Illustration courtesy of Samantha Dempsey

Illustrations/image courtesy of Samantha Dempsey

The summer I spent as an experimental illustrator at the Mayo Clinic Center for Innovation (CFI) in Rochester, Minnesota, followed none of the predictions I’d made about how a Rhode Island School of Design (RISD) student, science enthusiast and born-and-bred new Englander would spend her summer. First of all, I never expected to spend so much time around so much corn. Second, I never knew that the radical collaborations happening at the CFI could exist beyond my daydreams. The CFI is a multidisciplinary team of designers and healthcare providers who collaborate and ask difficult questions to revolutionize healthcare. For one summer, I had the opportunity to join this brilliant team and revolutionize my own understanding of design.

My Minnesotan adventure began when I was awarded a Maharam STEAM fellowship, which supports RISD students who propose a unique internship with a government agency or nonprofit organization to explore how art and design can effect change in policy and practice. As a senior in illustration at RISD, this fellowship was my key into a strange new world of social innovation.

With the support of my fellowship, I arrived at the CFI and began exploring. I started collaborating with the practice Redesign team, in which I created medical illustrations embedded in experimental education videos. I next worked with the Community Health Transformation team to develop a method of real-time doctor/patient conversation capture to facilitate shared understanding of primary care visits. In my third project, I completed a series of wordless comics illustrating patient stories that communicated an experimental Care Team approach. Next, I created an animation for the Center for Individualized Medicine to visually explain the complexity of exome sequencing, while still keeping the patient experience at the forefront of the conversation.

These collaborations altered my understanding of what it means to be a “designer,” but my final project allowed me to explore the unique value of an illustrator within a design community. Working closely with Lorna Ross, the inspirational design manager of the CFI, I proposed, designed and executed my own experiment based on two assumptions: 1) patient stories have value and 2) in order to reveal that value, we must collect these stories. I wanted to discover the aspects of patient life that normal methods of collecting data failed to reveal. Designers working in a data-driven environment like the Clinic are encouraged to present their findings in measurable terms. However, there are parts of the patient experience that can’t be quantified. How do you measure the difference between when a patient trusts her surgeon and when she doesn’t? I wanted to reveal the untapped, non-metric wealth of information within patient stories and give others a way to record it.
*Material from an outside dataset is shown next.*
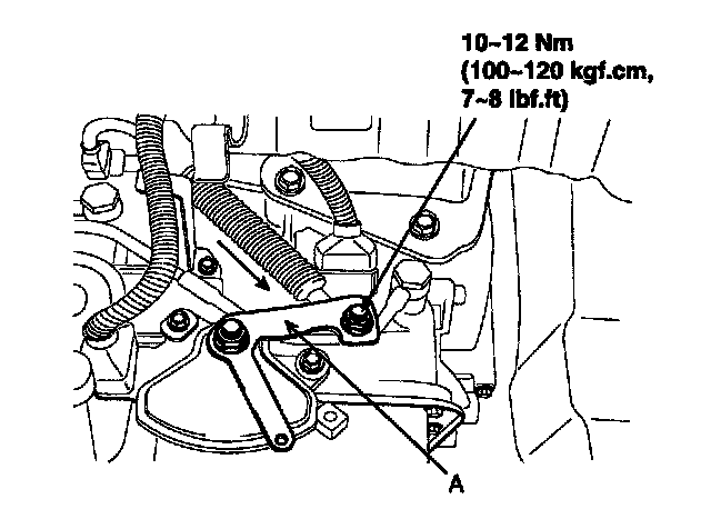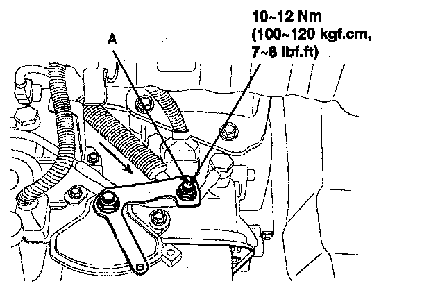 6. Gently pull the transmission control cable in the direction of the arrow, and then tighten the adjusting nut (A).

I began interviewing patients without an agenda, listening to whatever stories they wanted to tell. Once patients understood that there was someone who wanted to listen, their stories came pouring out. This free exploration revealed things which I would never have known to ask about.

The process involved patients thinking, talking and drawing about their experiences in a new way. Most people store stories linearly and verbally. I needed to get them to think differently so we could avoid the same old, prepackaged narratives, which wouldn’t provide us with any new information. When patients began telling their narratives visually, they began to make new connections within old stories. Using visuals allowed one woman to reveal how her doctor’s judgment of her religious beliefs affected her ability to seek care. Both the patient and I learned something from this kind of retelling.

My colleagues on the design team asked me to create kits that would allow other groups at Mayo to collect visual patient narratives. The kits combine placemat-like maps of the human body, concentric circles describing influence and word association charts on which patients draw directly. They also contain image dice, symbol cards, stickers and a how-to work- book. The CFI currently uses the kit to introduce design thinking to providers and allow resident designers to gather new kinds of patient data, and Mayo medical students also use the kit to comprehend the larger context of patient care. The Center for the Humanities in Medicine uses the kit to engage patients in therapeutic visual storytelling and create a library of patient stories to benefit future members of the clinic.

The Mayo Clinic Center for Innovation is something far bigger than any single designer, provider or illustrator. It’s a tangled web of active thinkers who ask questions that may not have answers. I’ve learned from them that design isn’t just part of the solution. Design changes how we see the problem.